The U.S. Supreme Court missed a tremendous opportunity when its majority this week ignored our nation's history as well as the framework our founders wrote into the U.S. Constitution.
It's true enough that sorting out the freedoms of religion and speech is often tricky. But that's the point. And it's exactly the opportunity our highest court missed Monday in ruling that the town of Greece, N.Y., and other local governments can legally start their meetings with prayers from just one religious sect.
What the court missed was the chance to move us toward a fuller understand that both our diversity and our inclusiveness still make us free today, just as these virtues did centuries ago when religious intolerance sparked the American Revolution.
Our early leaders, with clear and burning memories of the religious intolerance that prompted immigrants and refugees to flock to the colonies from the British Isles, Germany and across the globe, created the First Amendment with two components relating to religion.

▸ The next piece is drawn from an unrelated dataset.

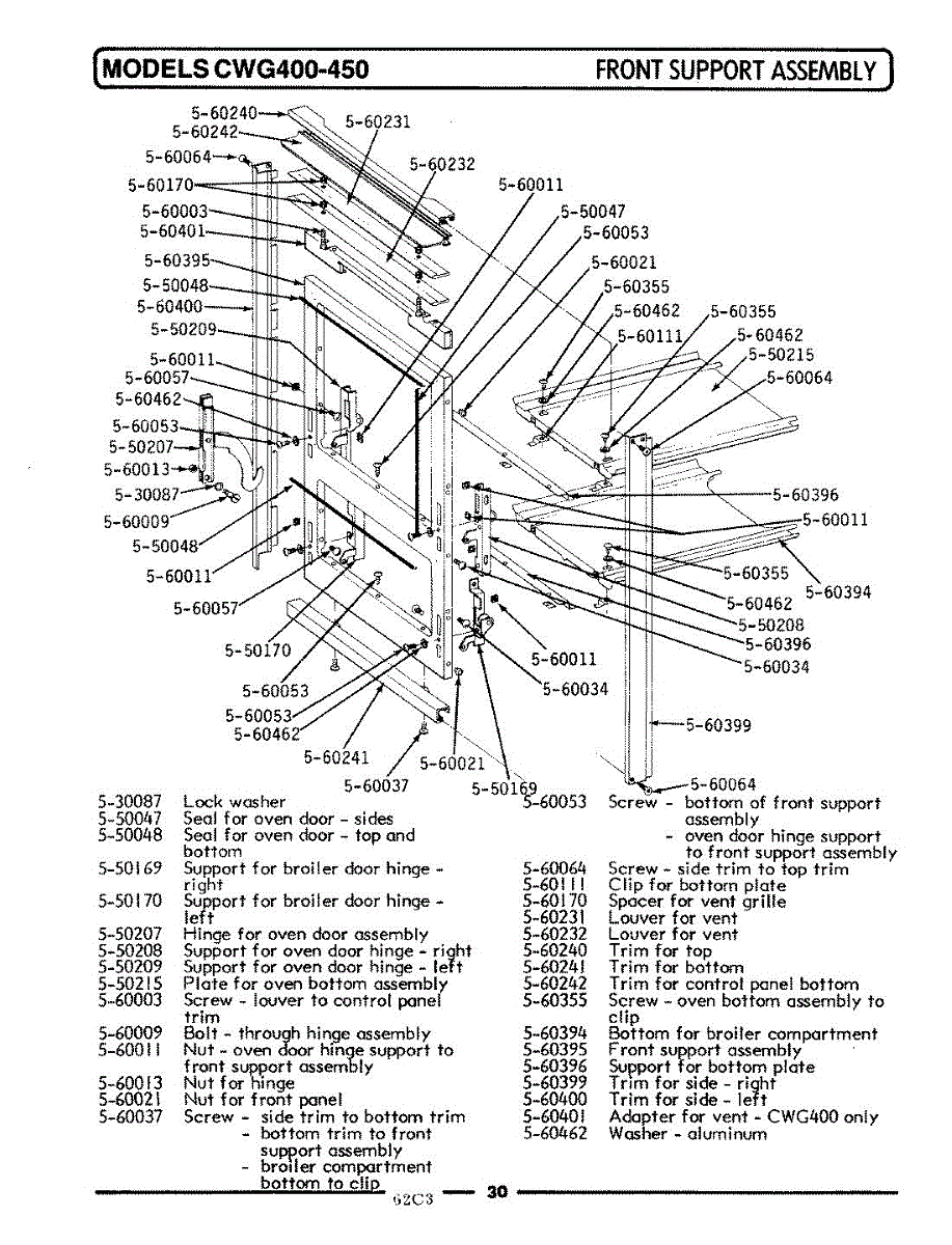 Horizontal oven door seal for top and bottom edges. Replace when worn to restore even heating and efficient baking. Hooks into slots on door frame.
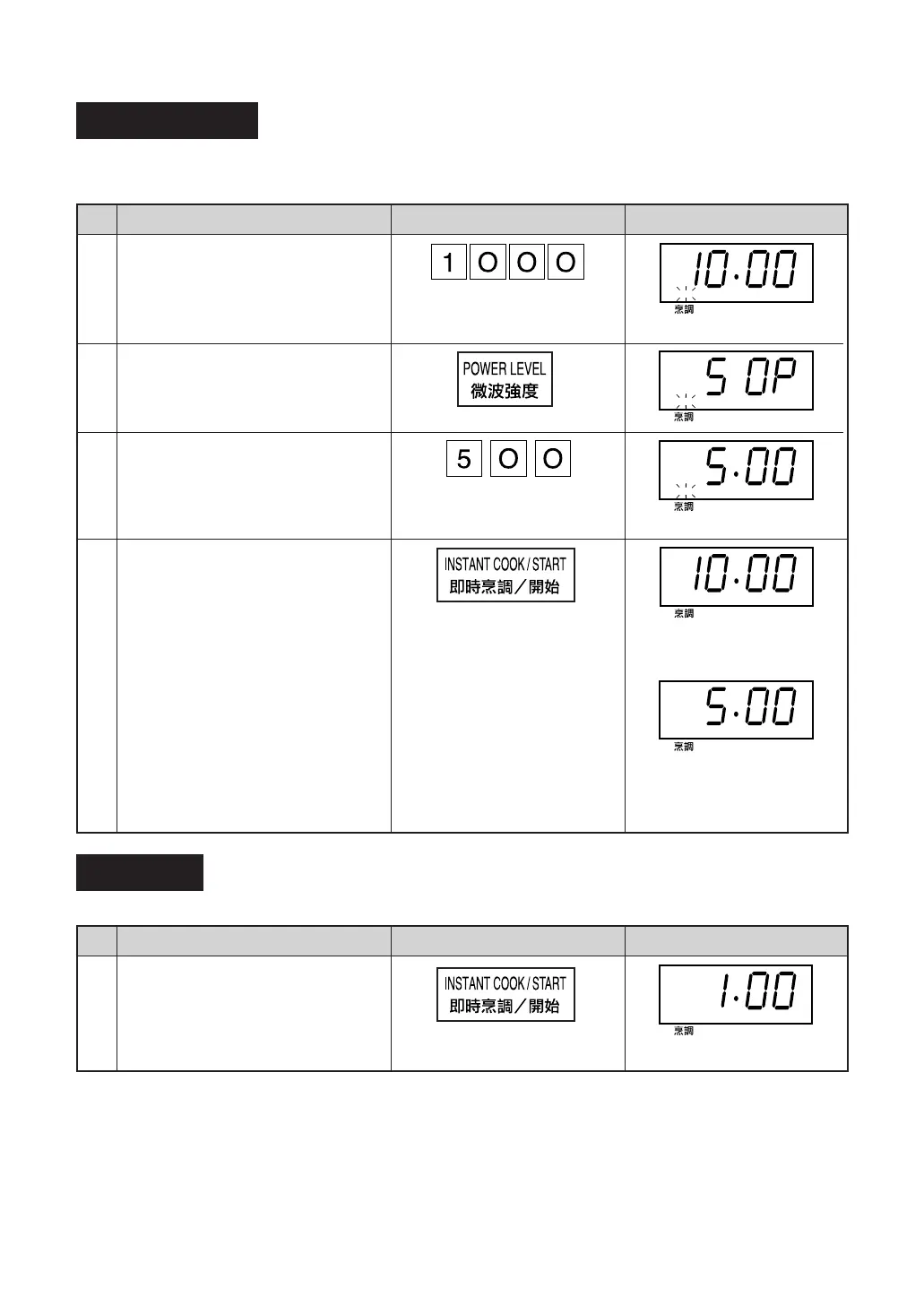 * 假定閣下想先用微波50%(中火)來烹調10分鐘﹐再用微波100%(高火)來烹調5分鐘

The so-called "free exercise" clause gives citizens freedom of religious expression and belief, while the "establishment" clause warns that such expression is meant to be private and cannot be endorsed or promoted by the government.
The First Amendment also contains the "free speech" clause, giving us the freedom of private expression on general topics.
In framing the amendments, our founders sought to ensure against religious persecution and intolerance, while at the same time keeping government at arm's length: "Congress shall make no law ... prohibiting the free exercise" of religion or free speech.
In other words, government can't prescribe religious beliefs, but must protect them when spoken under both the free religious speech and free speech clauses.
That language prohibiting religious endorsement or promotion is exactly what the Supreme Court's majority on Monday ignored when five of nine justices chose instead to hide behind decades of American tradition. But those traditions were built when communities were smaller and tended to be more insular.
Now those decades of tradition are sliding up against a more dense America that is more mobile and cosmopolitan. It's somewhat understandable that more than two centuries after the Constitution built a wall separating church and state, we're having trouble being different even while we still stand together under a community's dome of government and, presumably, united good will.
Remember, globally religion is still the single most divisive factor in wars and atrocities.
Banning prayer was never the issue. In fact, a ban would seem similarly flawed. Just as public prayer from primarily one religion, in effect, stands as a government endorsement of that belief, so might a ban seem to be an endorsement of disbelief.
Justice Elena Kagan's persuasive dissent got to the heart of the matter: A town hall meeting in Greece, N.Y. [or here in Hamilton County, Tenn., where a similar lawsuit is smoldering], "need not become a religion-free zone," she wrote. But the practice must meet tradition and the prayers must "seek to include, rather than serve to divide."
She suggested government officials take steps to ensure "that opening prayers are inclusive of different faiths, rather than always identified with a single religion."
What a concept. Prayer to reinforce the reality that citizens of all faiths and no faiths are equal participants in government.
Instead, the high court's majority ruling shirked the chance to both reinforce "freedom for all" and the guarantee of government's religious neutrality.
The court's decision, however, doesn't preclude city councils, county commissions, school boards and other local governmental bodies from taking the higher road.
Our local leaders should -- now more than ever -- make a concerted effort to make moments of public prayer inclusive of all faiths, and yet hospitable to those with no religious faith.
Pull us together, don't hold us apart.